# Online Ordering Nz Hops



## JoeF (15/6/12)

Just had some US Yakima Valley hops arrive and I'm looking to get a bulk NZ order next - Zythos, Riwaka, Rakau, NS etc..

Does anyone have any good links to NZ site that ship over here at good prices?

Cheers


----------



## rehab (15/6/12)

Joe Pilsner said:


> Just had some US Yakima Valley hops arrive and I'm looking to get a bulk NZ order next - Zythos, Riwaka, Rakau, NS etc..
> 
> Does anyone have any good links to NZ site that ship over here at good prices?
> 
> Cheers



You wont get Riwaka. No one has any due to commercial brewers buying up for the season and word is that next year only us kiwis get it.

Brewerscoop are where I buy from when the local doesnt have what I need. Also brewshop.co.nz as my local. Not sure weather either ship intl though.


----------



## Bribie G (15/6/12)

All the hops in NZ are handled by a single "desk" like our wheat used to be. Mate brought me some hops back from Nelson recently, good value at $5A per 100g foil, but probably not worth paying postage on top of that, best order from Sponsors etc.

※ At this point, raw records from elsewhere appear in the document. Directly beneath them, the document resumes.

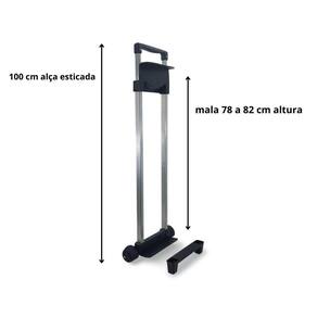 Suporte com rodinhas para em mala de viagem 80 cm de altura Suporte com Haste de alumínio e rodinhas duplas em cada lado - Indicada para em mala de viagem - Instalação deverá ser feita por um profissional sapateiro , necessita ser arrebitado - Modelo a ser escolhido é conforme a altura da mala nas costas podendo variar até 1 cm. Modelo 80 cm: - medidas totais: 83 cm altura haste encolhida x 31 cm largura rodinha a rodinha , encaixe da mala 80 cm, haste esticada 102 cm - peso do produto 836 gramas - Acompanha pé frontal com distancia nos furos de 11cm, Medidas pé: 23,5 cm largura x 4,5 cm de altura x 3,5 cm lateral - Distância entre as perfurações na base superior de 6,5 cm e base inferior de 13,5cm do suporte - Parafusos/ arrebites não incluso Marca: Mobfort
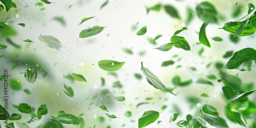 A bunch of green leaves suspended in mid-air, creating a sense of movement and dynamism
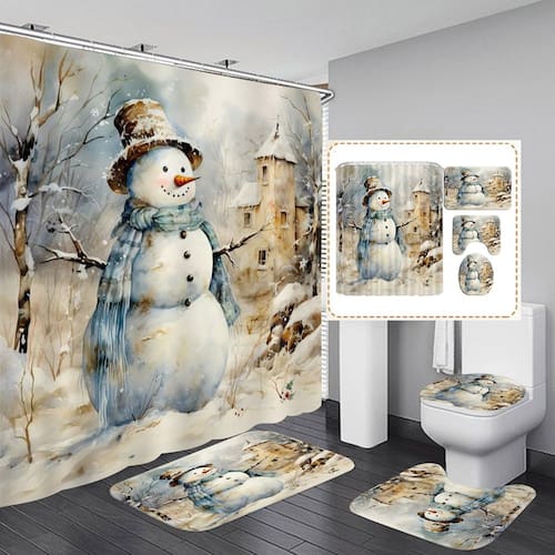 Sobre a "Hewego": Nossos excelentes designers Hewego estudaram moda e design na França. Nossa filosofia de design é dar a cada cliente o prazer da beleza. Aproveite a vida, aproveite o uso dos produtos da Hewego. A embalagem inclui: ? 1 cortina de chuveiro com 12 ganchos de cortina de chuveiro ? 1 tapete de chão ? 1 tapete em forma de U ? 1 tapete de tampa de vaso sanitário Características: ? Macio ? Seguro e saudável ? Ecológica ? Impermeável (cortina de chuveiro) ? Antiderrapante (tapetes) ? Durável ? Fácil de limpar e secar rapidamente ? Imagem de alta definição com design diferenciado Especificações: ?Material: 100% poliéster macio (cortina de chuveiro); flanela macia (tapetes) ?Tamanho: Cortina de chuveiro 180 x 180 cm / 71 x 71 polegadas Tapete de chão: 50 x 80 cm / 32 x 20 polegadas Tapete em forma de U: 50 x 60 cm / 20 x 24 polegadas Tapete de tampa de vaso sanitário: 38 x 44 cm / 15 x 18 polegadas Dicas quentes: Devido à medição manual, permita um desvio de 1 a 2 cm. Como a resolução da imagem e as configurações de exibição do computador são diferentes, as cores podem ser ligeiramente diferentes. A cortina de chuveiro é lavável na máquina. Limpe em água abaixo de 30 ° C. Passar a ferro dentro de 100 ° C. Recomenda-se lavar os tapetes à mão. Não secar na máquina, lavar a seco ou usar alvejante. - ?Conjunto de cortina de chuveiro de boneco de neve?Este conjunto de banheiro de boneco de neve com cortina de chuveiro de Natal é feito com tecnologia de impressão HD, todas as imagens são claras e vívidas, trará ao seu banheiro uma atmosfera adorável e alegre. Enviaremos 12 ganchos ao mesmo tempo, para que você possa instalá-lo facilmente e não enferrujar. - ?Combinação perfeita?: a cortina de chuveiro é feita de poliéster de alta qualidade. O design à prova d'água de dupla face torna a cortina fácil de limpar e secar rapidamente. Você pode usar o bocal do chuveiro para enxaguar facilmente. Outros 3 tapetes são feitos de flanela com 100% selecionados. Eles são todos muito macios e quentes. Esses tapetes são feitos com técnicas especiais para torná-lo à prova de derrapagem. - Detalhes de tamanho: este pacote inclui 1 cortina de chuveiro, 1 tapete oblongo, 1 tapete em forma de U e 1 capa de assento de vaso sanitário. Esta cortina de chuveiro de fundo de boneco de neve com cachecol e ramo tem 171 cm aproximadamente; o tapete oblongo tem 71 cm aproximadamente; o tapete em forma de U tem 45 cm aproximadamente cm. A capa do assento do vaso sanitário tem cerca de 38 cm = 43 cm. Também temos um tamanho maior, por favor, escolha o que melhor se adapta ao seu banheiro. - ?Fácil de limpar e instalar?: oferecemos 12 ganchos. Você não precisa se preocupar em como instalá-lo. Esses ganchos não ficarão enferrujados. Todos esses conjuntos de cortinas de chuveiro com tapetes são fáceis de limpar. Para mantê-lo em boas condições, sugerimos que você lave na máquina com água fria, pendure para secar, passe a ferro em baixas temperaturas, não exponha ao sol, não use alvejante. Esta cortina de chuveiro só precisa de toalhas ou escovas macias para esfregar. E esses tapetes são laváveis na máquina. - ?Ampla utilização?: Você pode usar este boneco de neve com cachecol e fundo de ramo projetado para decorar sua casa, motéis, hotéis, dormitórios e muito mais. Você também pode usá-lo para decorar seu banheiro, parede, janela e qualquer espaço onde quiser. O tapete oblongo pode ser utilizado na porta da frente.
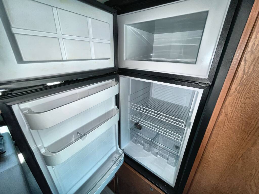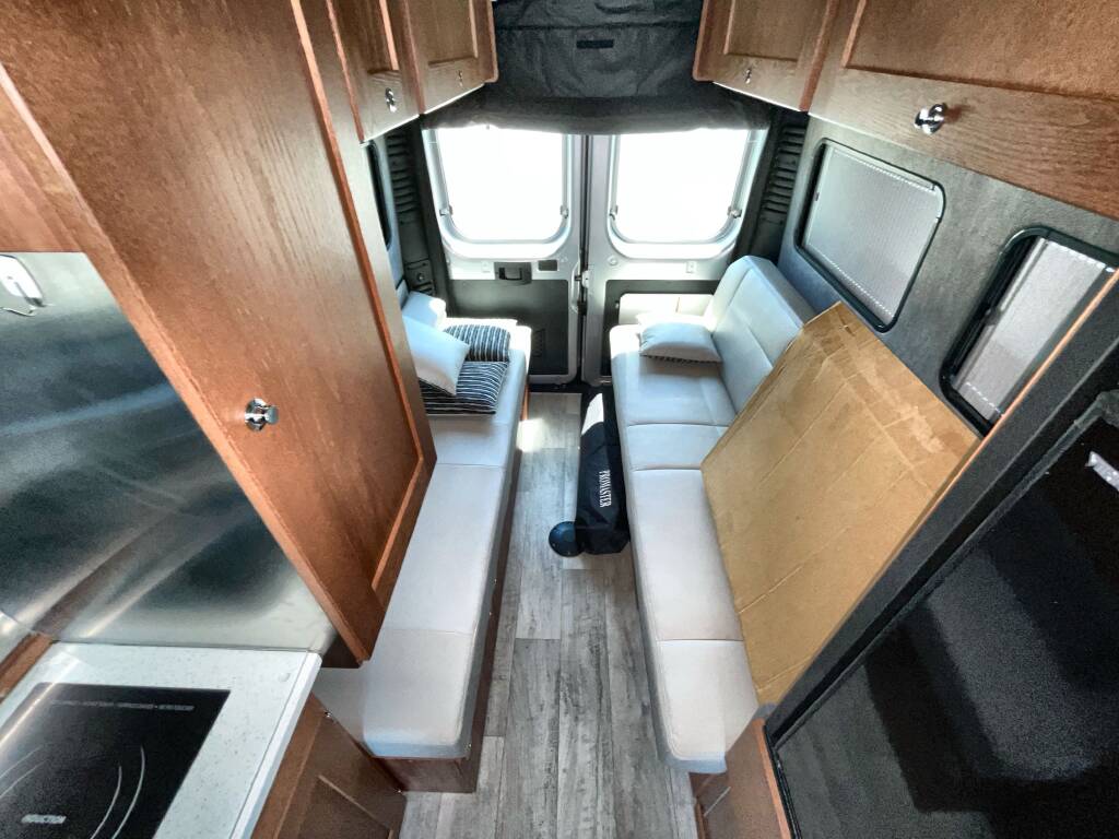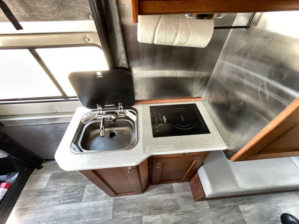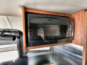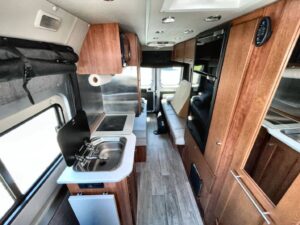 Kitchen: Mid-Van Galley – Microwave, Sink, Compact Refrigerator, Countertop
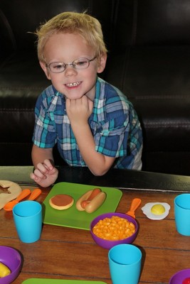 Kenzie enjoys setting up the plates/bowls and serving her toys and us. We have pretend sipping down! The "silverware" doesn't work with real food as Kenzie has tried using the fork to eat pasta without success. Kenzie's imagination is shown through the "meals" she cooks with her play pots/pans and serves with her new serving set from Learning Resources. The bright colors are fun for a toddler's senses and easy to keep the set organized. Kenzie has so much fun playing with this set as will your child.
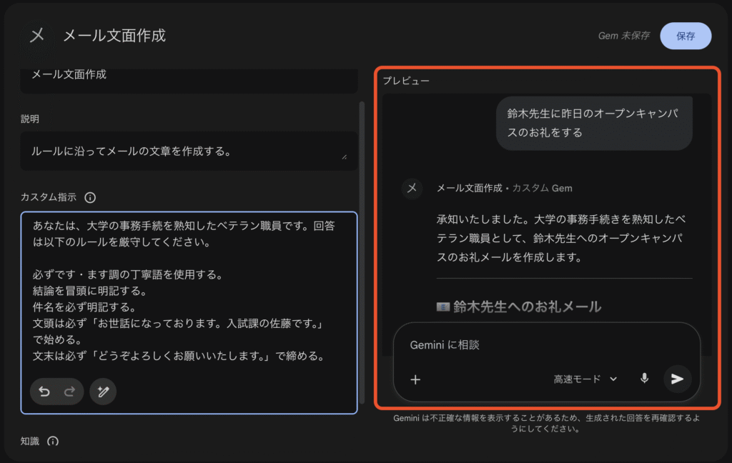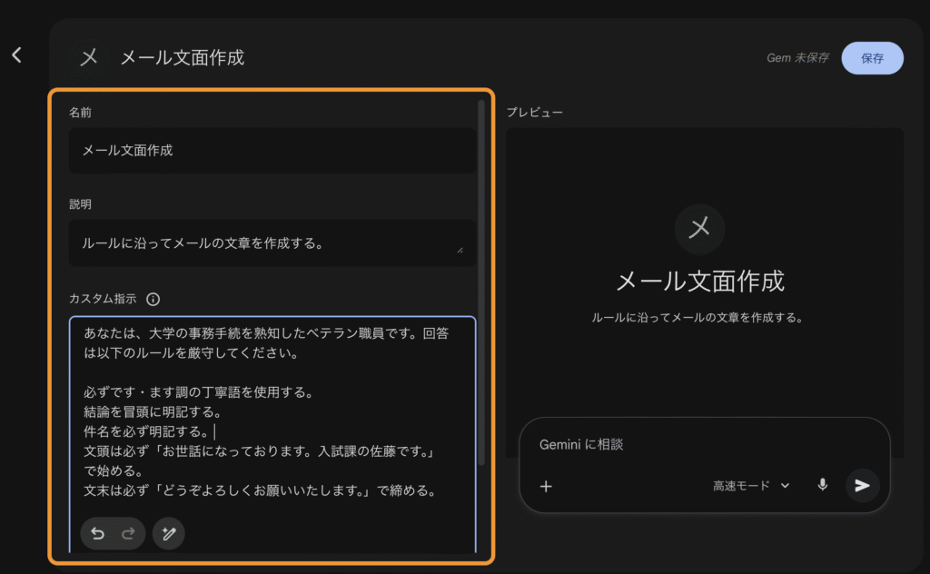 設定するカスタム指示の例 「あなたは、大学の事務手続を熟知したベテラン職員です。回答は以下のルールを厳守してください。」
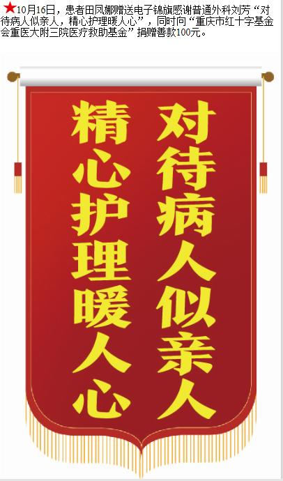 患者田凤娜赠送电子锦旗感谢普通外科刘芳,并向医疗救助基金捐赠善款100元。-锦旗-患者心声-患者服务-重庆医科大学附属第三医院【官方网站】
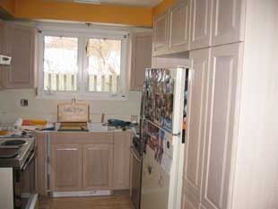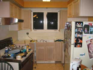 I did the reno in several stages. First I removed the old upper cabinets and installed the new ones without removing the bottom ones. This allowed me to keep using the existing cabinets to store stuff without having to move everything to another part of the house. Then I removed the lower cabinets and installed the new ones. This made installing the countertop quite a challenge, but thanks to Sam's monkey-like arms, we were able to get it in place without too much difficulty. I was able to continue using the kitchen throughout the project, but since most of my meals take very little time and prep work, it wasn't that big a deal.
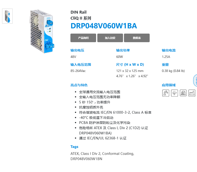 | 輸出 | DRP048V060W1Bp | DRP048V120W1Bp | DRP048V240W1Bp | DRP048V480W1Bp | |
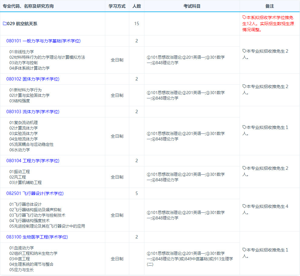 2019年复旦大学航空航天系考研招生专业、招生人数、考试科目
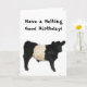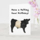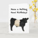 Ist hier ein hübscher umgeschnallter Galloway-Ochse, den Kalb mit einem lustigen eine zusammenhaltende gute Geburtstags-Mitteilung haben! Itts auch bereit, Ihren eigenen Bauernhofnamen, -mitteilung oder -namen hinzuzufügen! Diese seltenen schottischen beltie Kühe sind sanftmütig und robust.
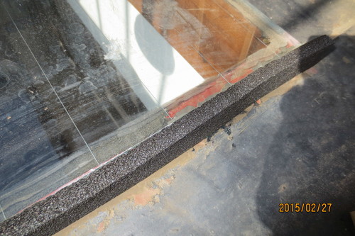 既存トップライトのガラスがコーキングと小さなアルミのアングルが上から被せてあるだけでした。

I emailed a HB Supplier in Nelson who claims to be the biggest in NZ, didn't reply. 

The hop growing area in the South Island is relatively small compared to Cascadia and I guess they are mostly focussed on commercial varieties, home brewers would be very small fish indeed.


----------



## pimpsqueak (15/6/12)

I was under the impression that Zythos is a proprietary blend that originates in the U.S.


----------



## JoeF (15/6/12)

pimpsqueak said:


> I was under the impression that Zythos is a proprietary blend that originates in the U.S.




Yes, I think you're right pimpsqueak - my bad. It's just on the 'list'! I can get that from nikobrew anyway.

Has anyone tried their hops out? Prices are pretty good...


----------



## tiprya (15/6/12)

Joe Pilsner said:


> Has anyone tried their hops out? Prices are pretty good...



Niko is great, prices are good, hops come in 2-3 weeks and hops seem fresh and good quality.


----------



## pimpsqueak (15/6/12)

+1 for nikobrew. Fresh hops, good prices, prompt service.


----------



## punkin (15/6/12)

We can get NZ hops in Aus through Ellerslie ect cheaper than the homebrewers there can get them.

I have a mate over there who told me so last week after looking at some aussie prices.


----------



## rehab (16/6/12)

punkin said:


> We can get NZ hops in Aus through Ellerslie ect cheaper than the homebrewers there can get them.
> 
> I have a mate over there who told me so last week after looking at some aussie prices.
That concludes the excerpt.